Penne with Eggplant Sauce

    35 minutes

    I love lovely rich eggplant with pasta and it's especially good with sun-dried tomato. Serve with Parmesan cheese on top.

    24 people made this

    Serves: 2 

    • 500g penne pasta
    • 2 tablespoons olive oil
    • 1 eggplant, halved lengthwise and cut into small pieces
    • 3 cloves garlic, chopped
    • 2 tablespoons olive oil, or more if needed
    • 1 pinch salt and pepper to taste
    • 1/4 cup sun-dried tomato spread
    • 1 cup tomato pasta sauce, or more if needed
    • 4 leaves chopped fresh basil

    Preparation:10min  ›  Cook:25min  ›  Ready in:35min 

    1. Fill a large pot with lightly salted water and bring to a rolling boil over high heat.
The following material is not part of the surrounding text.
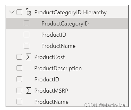 Power BI中的一种常见做法是使层次结构变平——换句话说,使层次结构成为一个级别——这样,一个规则的层次结构就由层次结构的一列组成。每个节点都表示在一个单独的、不同的列中。在图8-8中,您可以看到产品类别ID是如何与产品名称和产品ID绑定的。这表示一个两级层次结构,因为每个项目都与一个公共因素(产品类别ID)互斥。

Cook the pasta uncovered, stirring occasionally, until the pasta has cooked through but is still firm to the bite, about 11 minutes. Drain well in a colander set in the sink, reserving 1 cup pasta water.
    2. Heat 2 tablespoons olive oil in a large frypan over medium heat. Stir in eggplant and garlic and drizzle with remaining olive oil to coat; cook and stir until the eggplant is tender and lightly browned, 5 to 7 minutes. Season with salt and pepper. Stir in the sun-dried tomato spread and tomato sauce; cook and stir until heated through, about 5 minutes more. Add penne and toss. Stir in pasta water if the sauce is too thick. Sprinkle with basil before serving.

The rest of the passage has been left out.